* What is expected: Beginning with the line that holds "عن أبي هريرة", copy each line through the end of the material below, exactly and with no pictures.
** Data excerpt follows **
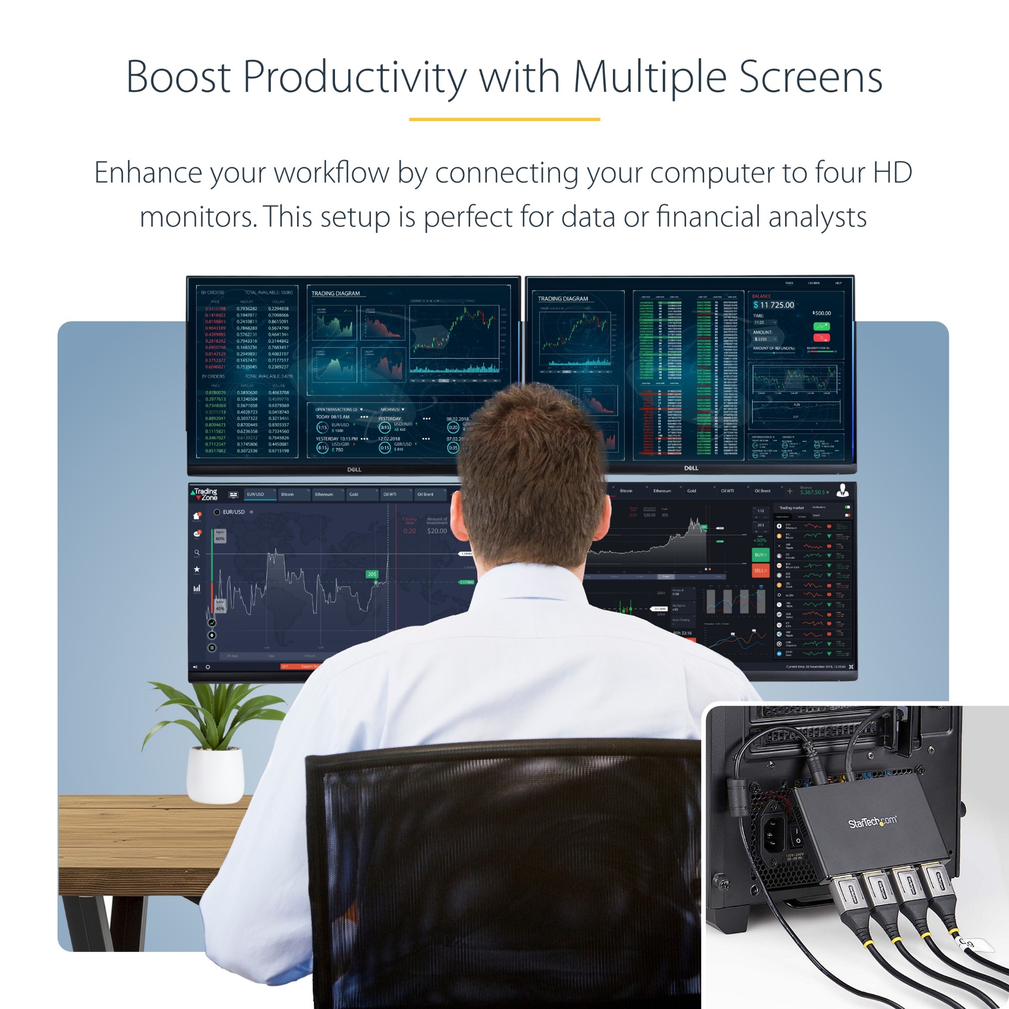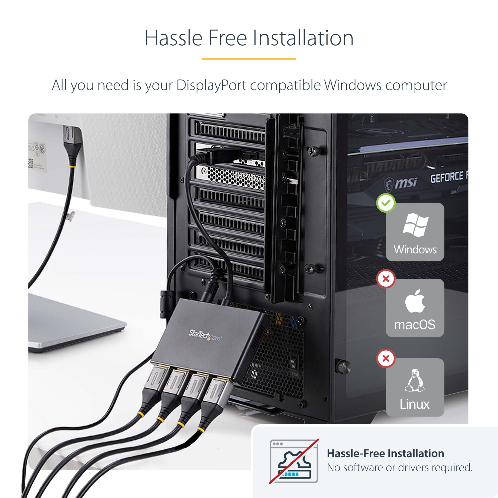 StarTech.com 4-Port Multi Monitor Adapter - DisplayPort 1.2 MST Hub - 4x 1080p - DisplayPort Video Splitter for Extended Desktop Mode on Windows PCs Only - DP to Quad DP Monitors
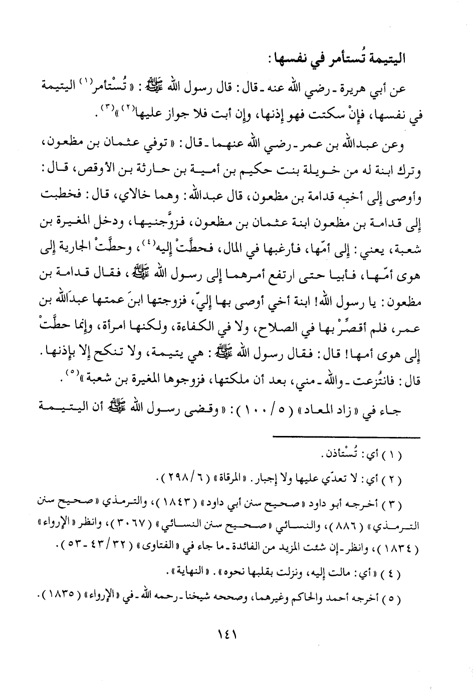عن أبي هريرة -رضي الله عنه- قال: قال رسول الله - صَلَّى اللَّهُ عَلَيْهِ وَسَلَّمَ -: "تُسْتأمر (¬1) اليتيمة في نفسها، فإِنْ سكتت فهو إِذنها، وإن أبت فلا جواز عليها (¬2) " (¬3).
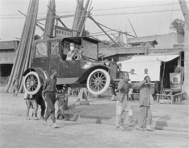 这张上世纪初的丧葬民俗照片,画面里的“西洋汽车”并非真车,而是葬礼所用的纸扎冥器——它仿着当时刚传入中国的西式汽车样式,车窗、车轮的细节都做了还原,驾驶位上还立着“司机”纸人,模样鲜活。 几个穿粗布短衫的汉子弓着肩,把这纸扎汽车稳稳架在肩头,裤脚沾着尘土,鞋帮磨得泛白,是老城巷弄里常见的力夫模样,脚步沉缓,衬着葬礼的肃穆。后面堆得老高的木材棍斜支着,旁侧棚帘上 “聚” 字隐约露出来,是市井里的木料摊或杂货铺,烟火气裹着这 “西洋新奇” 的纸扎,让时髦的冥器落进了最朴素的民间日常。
** End of Data excerpt **
* Answer to this problem:
عن أبي هريرة -رضي الله عنه- قال: قال رسول الله - صَلَّى اللَّهُ عَلَيْهِ وَسَلَّمَ -: "تُسْتأمر (¬1) اليتيمة في نفسها، فإِنْ سكتت فهو إِذنها، وإن أبت فلا جواز عليها (¬2) " (¬3).
 这张上世纪初的丧葬民俗照片,画面里的“西洋汽车”并非真车,而是葬礼所用的纸扎冥器——它仿着当时刚传入中国的西式汽车样式,车窗、车轮的细节都做了还原,驾驶位上还立着“司机”纸人,模样鲜活。 几个穿粗布短衫的汉子弓着肩,把这纸扎汽车稳稳架在肩头,裤脚沾着尘土,鞋帮磨得泛白,是老城巷弄里常见的力夫模样,脚步沉缓,衬着葬礼的肃穆。后面堆得老高的木材棍斜支着,旁侧棚帘上 “聚” 字隐约露出来,是市井里的木料摊或杂货铺,烟火气裹着这 “西洋新奇” 的纸扎,让时髦的冥器落进了最朴素的民间日常。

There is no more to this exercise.